Netflix is the world’s leading streaming entertainment service with 238M paid memberships in over 190 countries enjoying TV series, documentaries, and feature films across a wide variety of genres and languages. Machine Learning drives innovation across all product functions and decision-support needs. Building highly scalable and differentiated ML infrastructure is key to accelerating this innovation.
The Opportunity
We are looking for an experienced engineering leader to lead the Consumer Inference team in the Machine Learning Platform organization. Our organization is chartered to maximize the business impact of all ML practitioners at Netflix and innovate on ML infrastructure to support key product functions like personalized recommendations, studio innovations, virtual productions, growth intelligence, and content demand modeling among others.
The Consumer Inference team is responsible for building products, libraries, and services that make it easy for researchers to take their offline ML ideas and easily deploy them to various production environments for consumer facing applications. This team plays a critical role in transitioning ML algorithms into products where it can realize value for Netflix. As a part of this role you will lead a team responsible for the following.
Consumer Scale Inference: Libraries and systems that enable flexible and high-performance processing of data and ML models for Netflix’s 238 million members across a diversity of modeling paradigms.
Model Lifecycle Management: Easy deployment, retirement, and configuration of ML models in online and offline environments.
GPU Inference: Increasingly complex ML models have introduced more opportunities to leverage hardware to meet cost-efficiency and performance needs.
ML Observability: Tools for self-service detection and remediation of ML quality issues in production settings.
To be successful in this role you will need the following skills:
- Vision: Understanding where the ML needs across a diverse set of use cases are today and will be in the future will allow you to lead your team by providing clear technical and business context.
- Partnership & Culture: Establishing positive partnerships with both business and technical leaders across Netflix will be critical. We want you to regularly demonstrate the Netflix culture values like selflessness, curiosity, context over control, and freedom & responsibility in all your engagements with colleagues.
- Judgment: Netflix teams tend to be leaner compared to our peer companies, so you will rely on your judgment to prioritize projects, working closely with your partners - the personalization research leaders.
- Technical acumen: We expect leaders at Netflix to be well-versed in their technical domain and be a user of the products we are building, so they can provide guidance for the team when necessary. You should have some prior experience running ML infrastructure systems at scale.
- Team Building: Building and growing a team of outstanding engineers will be your primary responsibility. You will strive to make the team as excellent as it can be, hiring and retaining the best, and providing meaningful timely feedback to those who need it.
Minimum Job Qualifications
- Prior experience leading a team responsible for ML infrastructure
- Strong product sense – you take pride in building well-designed products that users love.
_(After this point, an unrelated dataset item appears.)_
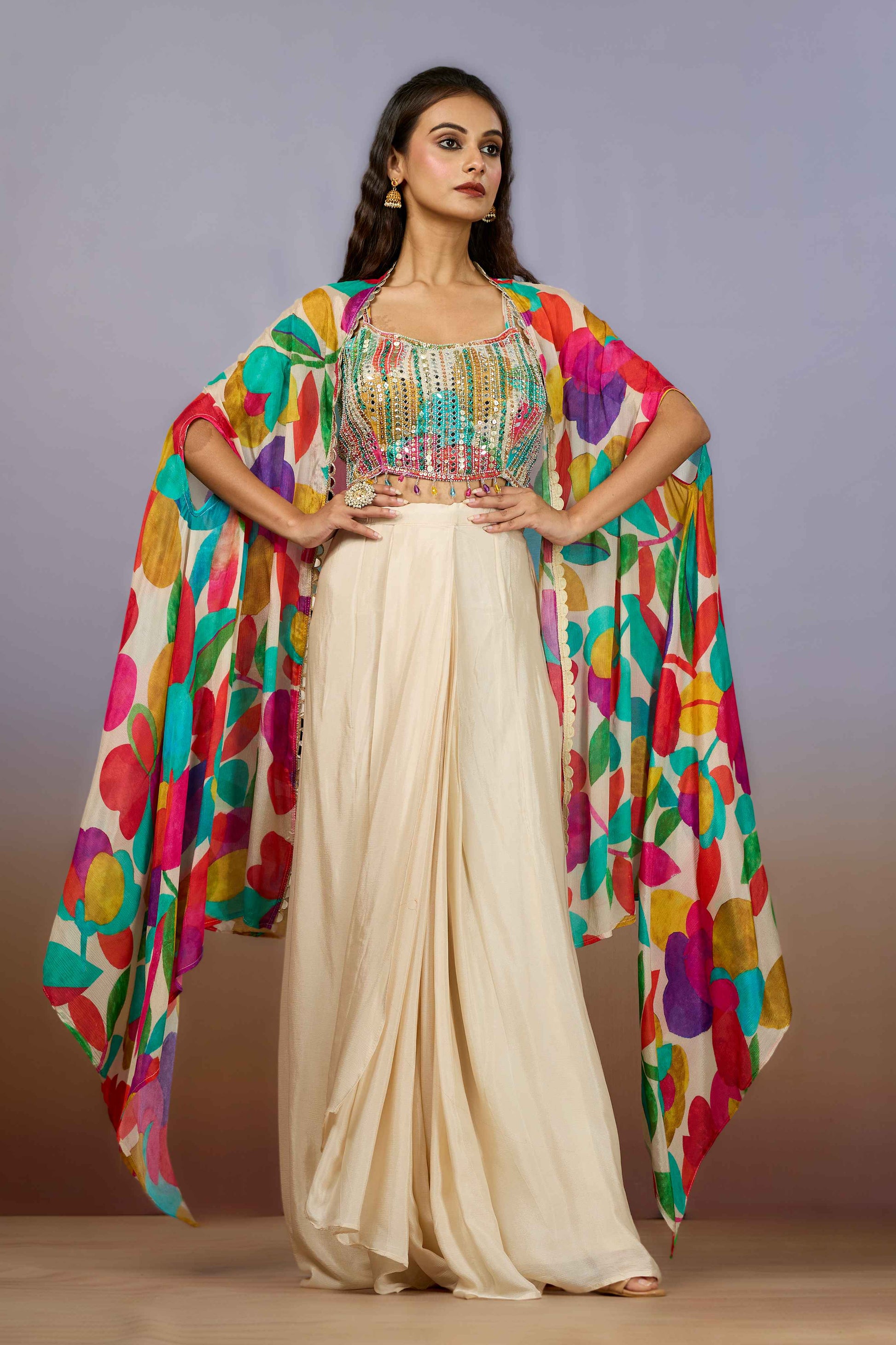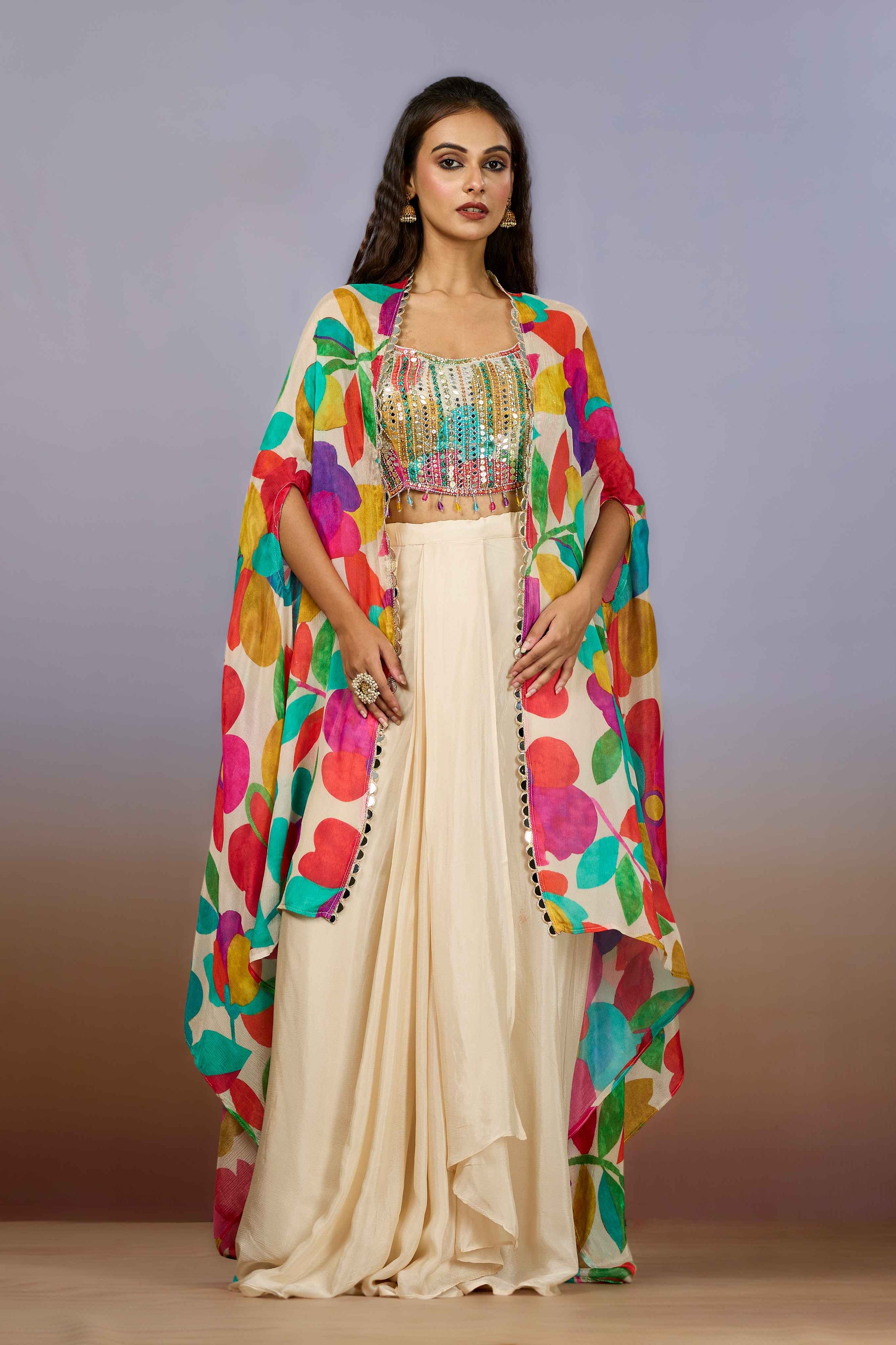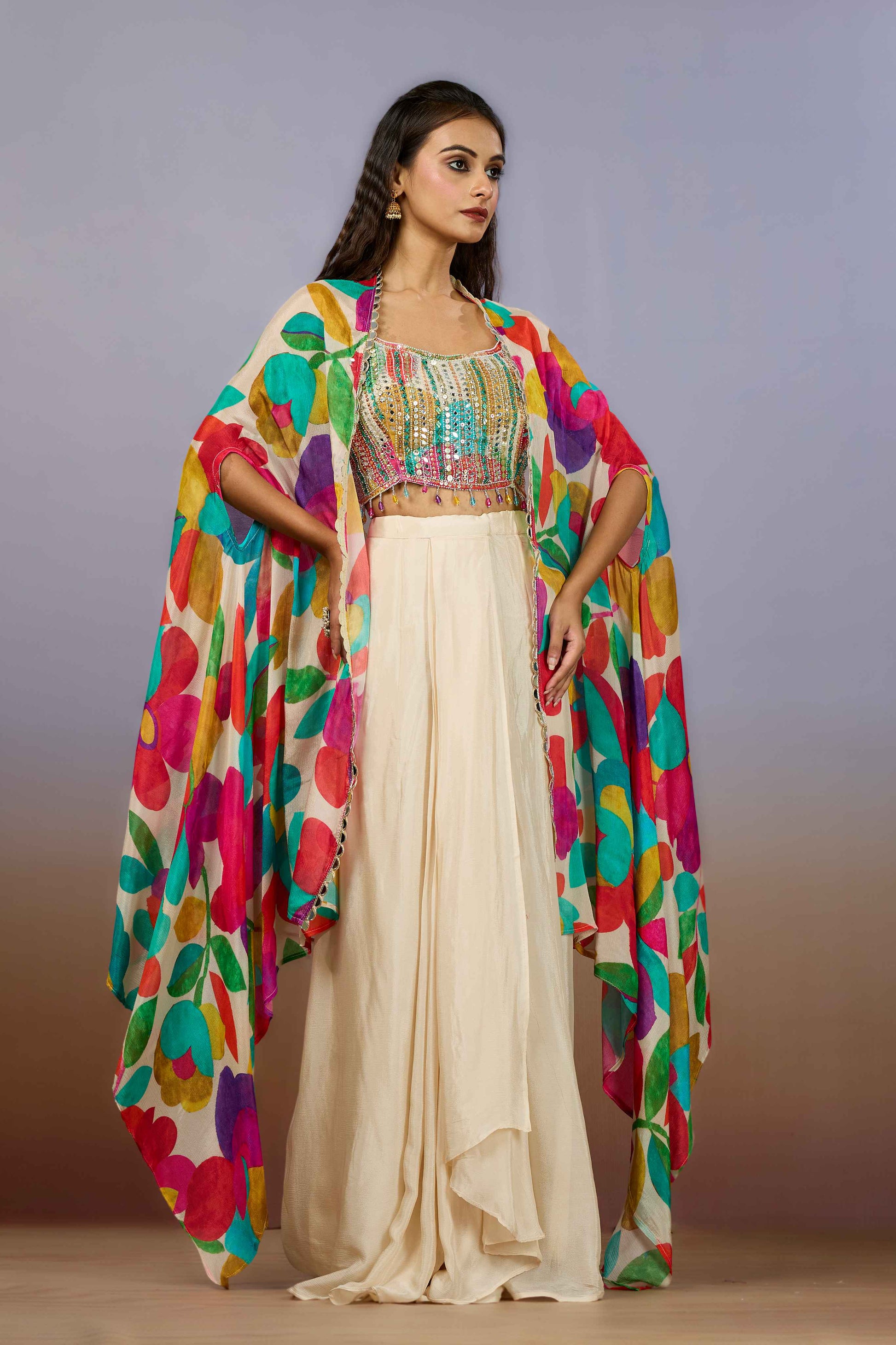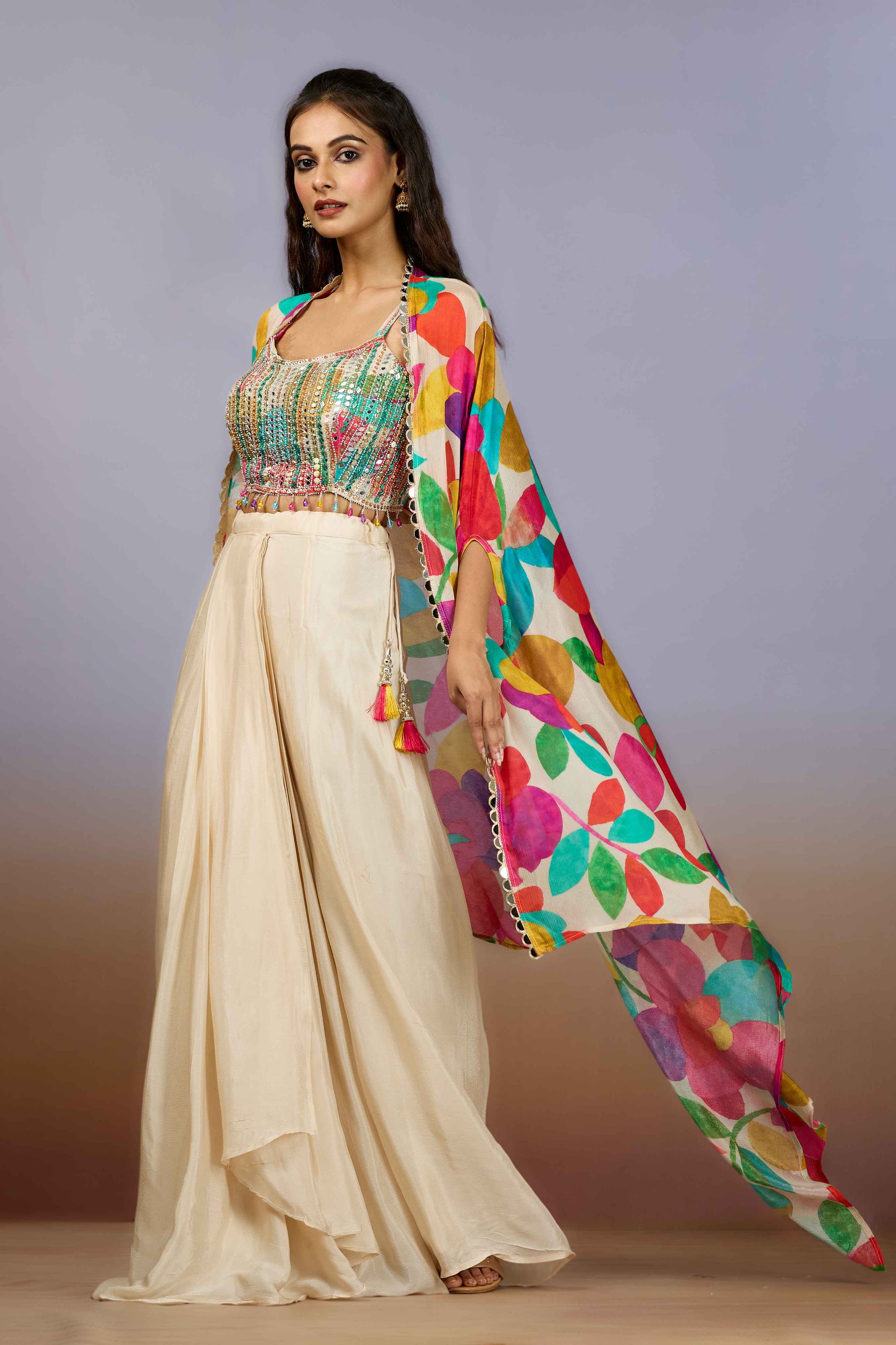 Cream Pearlwork Chinon Indo Western 1017-10096

- Outstanding people skills with high emotional intelligence
- Excellent at communicating context, giving and receiving feedback, fostering new ideas, and empowering others without micromanagement
- Willing to take action, without being stubborn - the ability to recognize your own mistakes
- Your team and partners see your humility all the time and diverse high-caliber talent wants to work with you
Preferred Qualifications
- 10+ years of total experience including 3+ years of engineering management
- Prior experience working on ML inference or model lifecycle management, ideally at large scale
- Experience with deploying Tensorflow, PyTorch, XGBoost in production.
- Exposure to modern ML serving systems and frameworks, such as Ray Serve, NVIDIA Triton, ONNX runtime.
Our compensation structure consists solely of an annual salary; we do not have bonuses. You choose each year how much of your compensation you want in salary versus stock options. To determine your personal top of market compensation, we rely on market indicators and consider your specific job family, background, skills, and experience to determine your compensation in the market range. The range for this role is $190,000 - $920,000.
Netflix provides comprehensive benefits including Health Plans, Mental Health support, a 401(k) Retirement Plan with employer match, Stock Option Program, Disability Programs, Health Savings and Flexible Spending Accounts, Family-forming benefits, and Life and Serious Injury Benefits. We also offer paid leave of absence programs. Full-time salaried employees are immediately entitled to flexible time off. See more detail about our Benefits
here.
Netflix is a unique culture and environment. Learn more
here.
We are an equal-opportunity employer and celebrate diversity, recognizing that diversity of thought and background builds stronger teams. We approach diversity and inclusion seriously and thoughtfully. We do not discriminate on the basis of race, religion, color, ancestry, national origin, caste, sex, sexual orientation, gender, gender identity or expression, age, disability, medical condition, pregnancy, genetic makeup, marital status, or military service.